MERF ministers to these Reformed believers throughout the entire Middle East, including Iraq. Correctly, they know that the most important ministry they can do is to train local men to function within the congregations (or, as in some Muslim countries, in complete obscurity) so they can bring the glorious gospel to their own people. This they are doing in Cyprus at the Study Center. Away from the tension of conflict, these men sit at the feet of Reformed pastors from various countries who contribute their time and effort for this work. For most of them, their local Reformed church raises the necessary funds. They have a rather extensive library to assist in this training. They also publish suitable material for evangelism work.

Another way that MERF reaches out to this part of the world is through radio broadcasting. Radio is still a very significant means for communication. The BBC is used to send forth Arabic language messages. In addition, Radio Monte Carlo in Paris is used.
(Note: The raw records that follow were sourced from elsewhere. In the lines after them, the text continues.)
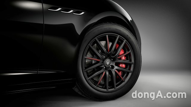 기블리 리벨레 에디션 블랙 색상 외관은 레드 브레이크 캘리퍼와 어우러진다. 이는 마세라티 라인업 최초 레드&블랙 투톤 인테리어 디자인과 궁합을 이룬다.
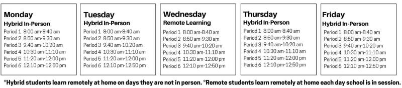 Next year’s calendar does not include a schedule of in-person or remote days because ISBE and CDC guidance can change along with positivity rates. We continue to monitor the COVID metrics for our zip codes and we are following all guidance. When we have the school day structure for next year, we will communicate this to our students and families. Thank you for your patience and understanding.
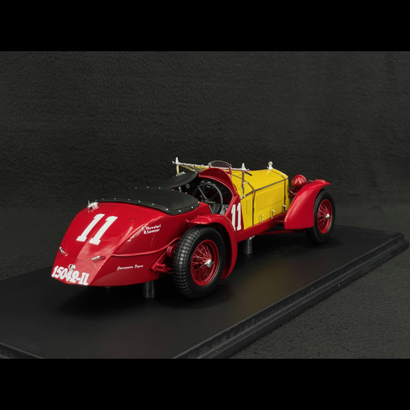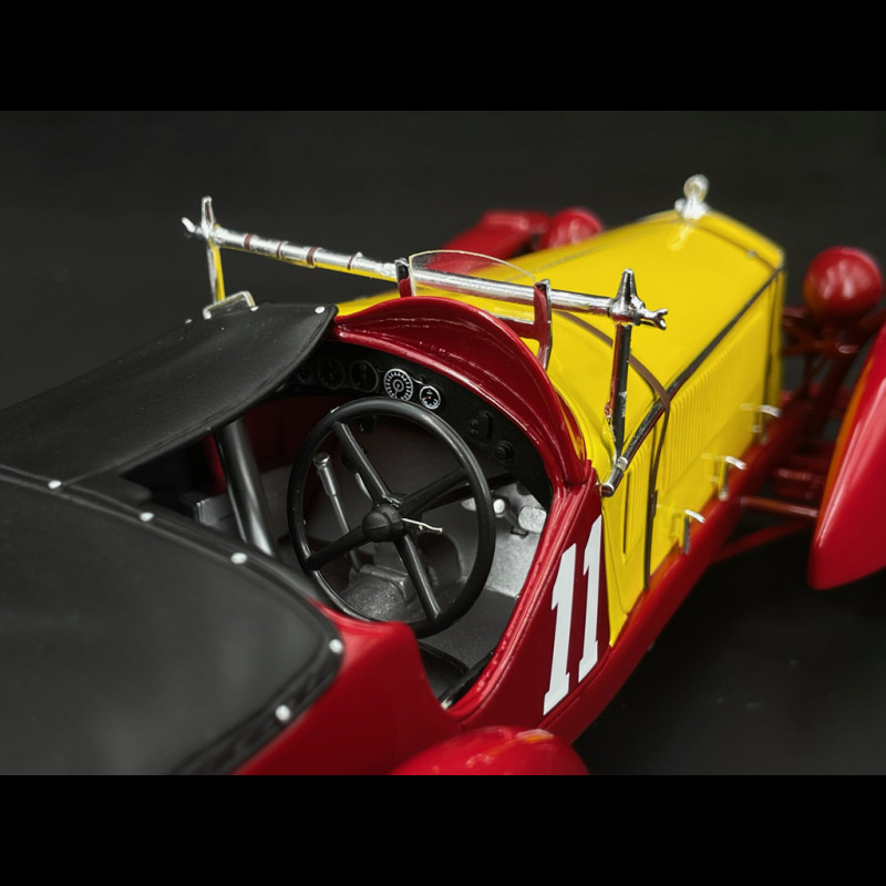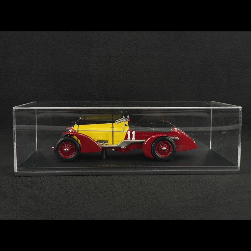 This 1/18 scale resin reproduction pays tribute to the iconic Alfa Romeo 8C 2300 No. 11, winner of the 1933 24 Hours of Le Mans with the legendary Tazio Nuvolari and Raymond Sommer. The historic livery is reproduced with great fidelity, highlighting the elegant lines and characteristic proportions of this pre-war car. The details – headlights, spoked wheels, bonnet straps and cockpit – are finely crafted, offering remarkable realism. Delivered with its display case, this collector's item combines quality finish, historical authenticity and prestige, ideal for endurance racing and classic car enthusiasts.
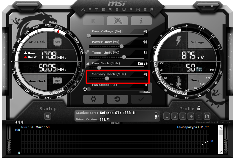 Откройте MSI Afterburner или же другое приложение, в котором вы рзагоняли карточку и снизьте Memory Clock (MHz) на 10 пунктов. В случае если ошибка повторится, будет необходимо снижать разгон ещё сильнее до тех пор, пока же карта не начнет стабильно работать и приносить доход.
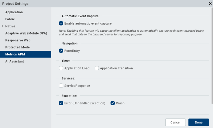 - Under Project Settings, click the Metrics APM tab, select the Enable automatic event capture check box.
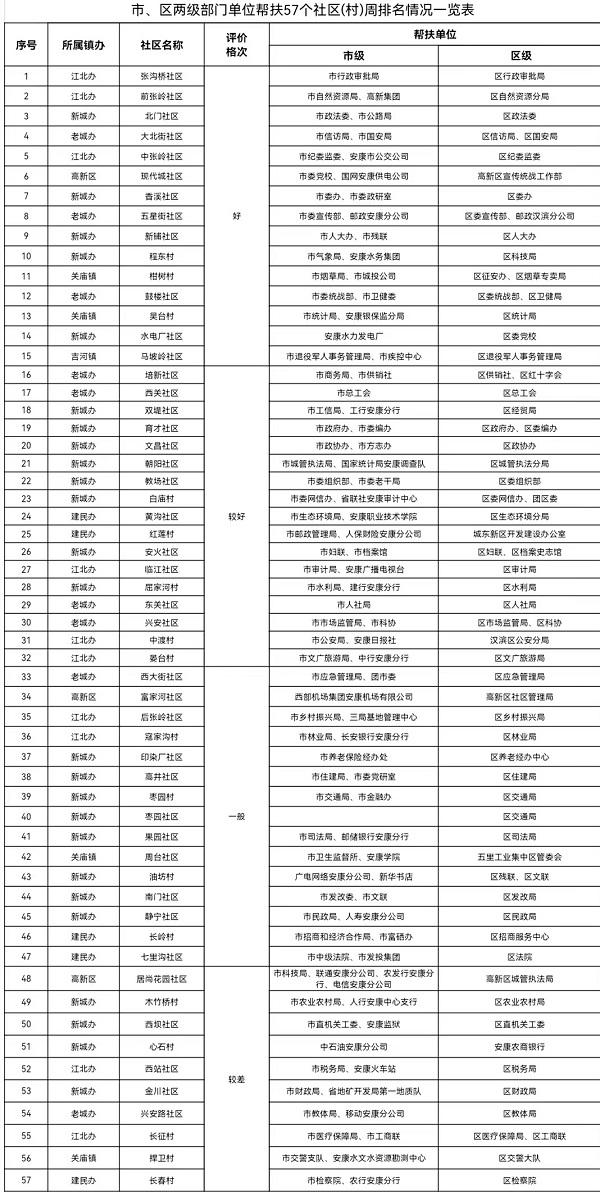 附:市、区两级部门单位帮扶57个社区(村)周排名情况一览表8Pa安康新闻网
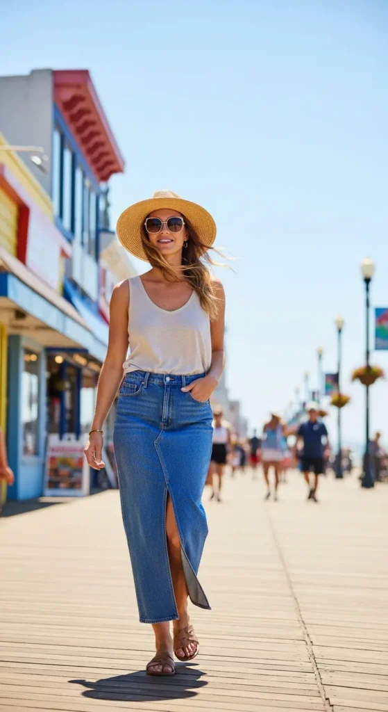 A relaxed cotton tank styled with a long denim skirt featuring a front slit creates an easy summer outfit that feels airy and practical for everyday wear.
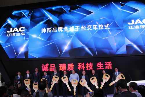 4月20日,作为中国商用车行业的领军品牌以及低碳科技和环保排放的践行者和倡导者,江淮轻型商用车携旗下帅铃品牌全系车型以及最新国五动力恢弘参展,展示了其前沿科技成果及中国品牌的魅力。安徽江淮汽车集团有限公司董事长安进、安徽江淮汽车股份有限公司总经理项兴初等公司领导及行业嘉宾出席了本次活动,并与来自全国的行业媒体共同见证了帅铃品牌全球千台交车仪式及江淮轻卡节油挑战赛启动仪式的发布盛况。

These obviously are secular stations and attract the general public, yet they both allow Arabic Christian broadcasts in the Middle East and North Africa. Judging by the response, it is obviously true that God is using the medium-wave transmitters for good.

Finally, MERF is active in diaconal work. Funds are raised by various Reformed churches throughout the world for meeting many financial needs of the Reformed people and churches in the troubled Middle East.

Working through the local church deacons, they seek to meet some of these needs.

In closing, I quote from the summary given in the document History of MERF:

Pastors, churches, and Christian individuals all over the world have caught sight of this vision. MERF has the great opportunity to promote an active Reformed witness in the Middle East out of its headquarters in Cyprus, with local MERF administrative committees in Egypt, Sudan, Iraq, and Lebanon. MERF is committed to the service of the church of Christ according to God’s Word. This is a truly ecumenical effort since it unites the gifts and resources of God’s people from different ethnic backgrounds for the service of Christ in the Arab World, with a view of expanding outreach to other Muslim lands. By God’s grace, much prayerful and hard work over the years has resulted in an effective and expanding ministry in the region. As the work has expanded, its needs also have grown. Thus, MERF support-bodies have been organized in Australia, New Zealand, United Kingdom, the Netherlands, the USA, Canada and South Africa.

I trust that this information will help us understand a little more clearly what the situation and needs of our Reformed brothers and sisters in Iraq are. There are ways we can help them, even though we feel so helpless. Most of all we must pray that God will sustain them in a very difficult time in the history of the Reformed churches in Iraq. I am not able to get credible information on the Reformed congregation in Baghdad, for example; this is quite confidential for their own safety. One source indicated that it was temporarily non-functioning due to the dangers of violence between the Sunnis and the Shiites. More than once Christians have been the target of persecution as well. We now have 4,000 US troops killed in the five-year conflict. And I am sure among them are Reformed Christians as well. How important it is for us to turn to the throne of grace to ask wisdom and help in our time of need.

Jesus Christ, the King of the church, at God’s right hand is in control, and He has a clear plan and purpose for all these events. His sovereign grace is sufficient for His own. Through all these events, we can be sure that He is gathering His church from all the nations of the earth, with a view to the coming of our Lord in glory. How blessed it is that we may be part of that work and give allry to Him.